Fabio Akita is a Brazilian Rails enthusiast, also known online as “AkitaOnRails”. He regularly write posts on his own blog and had published the very first book tailored for the Brazilian audience called “Repensando a Web com Rails”. He is now a full-time Ruby on Rails developer working as Brazil Rails Practice Manager for the Utah company Surgeworks LLC.
Note: You may want to brush up on Ruby Blocks and Procs before going through Fabio’s article.
Fabio>> There is no Rubyism more difficult to explain, than a Closure. I could write an entire book about it. Instead of boring everyone to death with academics, I’ll try to focus only on what one really needs for day-to-day activities.

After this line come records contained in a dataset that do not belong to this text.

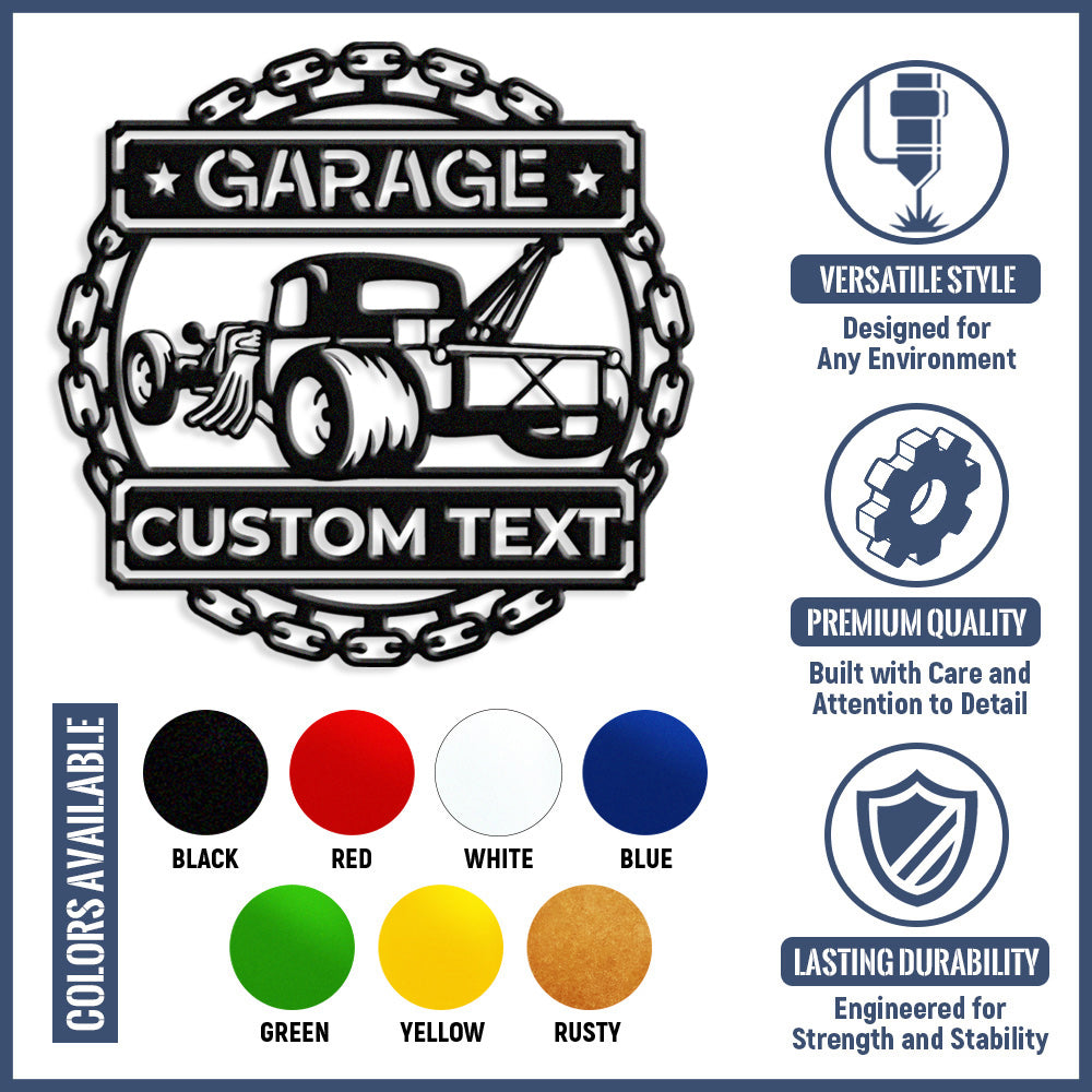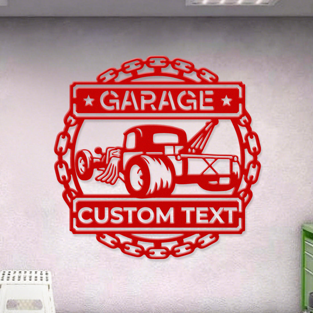Personalized Tow Truck Garage Metal Wall Art Sign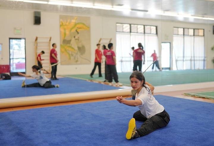 7月15日,美國加利福尼亞州舊金山灣區(qū),美國運動員朱迪·劉正在備戰(zhàn)成都第31屆世界大學(xué)生夏季運動會太極項目。新華社記者吳曉凌攝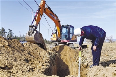 3月21日,工作人員駕駛挖掘機在呼和浩特市賽罕區(qū)郜獨利村農(nóng)田里開挖滴灌管道。據(jù)了解,賽罕區(qū)2022年共實施高標準農(nóng)田建設項目3.5萬畝,總投資6300萬元。項目于3月21日全面開工建設,建成后將形成“地平整、土肥沃、旱能灌、澇能排、渠相連、路相通、林成網(wǎng)”的新型高標準農(nóng)田,預計糧食畝均增產(chǎn)20%以上,水資源利用率提高30%以上。(王磊攝)

Let’s start with an example:
# program1.rb
for i in [1,2,3,4]
puts i
end
a = 0
b = [1,2,3,4]
while a < b.length
puts b[a]
a += 1
end
These are very simple iterators, similar to what we have in several languages. The first one with a ‘for‘ construct and the second with the familiar ‘while‘ statement. Nothing fancy here. But let’s see another way of accomplishing the same thing in Ruby:
# program2.rb
[1,2,3,4].each { |i| puts i }
[1,2,3,4].each do |i|
puts i
end
Not too shabby, simpler and elegant, but that’s where people start gasping. The pipes notation is particularly threatening for non-starters. Both the brackets and the do..end notations define an enclosed piece of code that we name as ‘blocks’ or ‘closures’. What’s between the pipes are like parameters to a method. It ‘feels’ like this pseudo-code:
def unnamed_method(i)
puts i
end
[1,2,3,4].each(unnamed_method)
This is not valid Ruby code, of course. That’s similar to what we would do in C# with delegates. We have something similar in JavaScript (using the “Prototype” http://www.prototypejs.org/api/enumerable/each library):
[1,2,3,4].each(function(i) {
alert(i);
});
In Javascript functions are first-class citizens of the language and they can be defined anonymously (without a name), and then passed as parameters to another function. We can manipulate and move functions all over the place.
Ruby doesn’t have methods as first-class citizens. We actually can extract a method from an object and wrap it around a ‘Method‘ object, but it holds the context of its object, so it is not independent.
# program3.rb
class Test
def initialize
@hello = "Hello!"
end
def say
@hello
end
end
m = Test.new.method(:say)
puts m.call # => "Hello!"
puts m.class # => "Method"
Here, we extracted the :say method from the instantiated Test instance. Notice that we can now manipulate the method as a normal object. Whenever we send the ‘call‘ message to the method object, it runs as if it was being executed from the context of the original object (Test.new.say). In the above example the second last statement would successfully print “Hello!”, as stored in the local instance variable @hello.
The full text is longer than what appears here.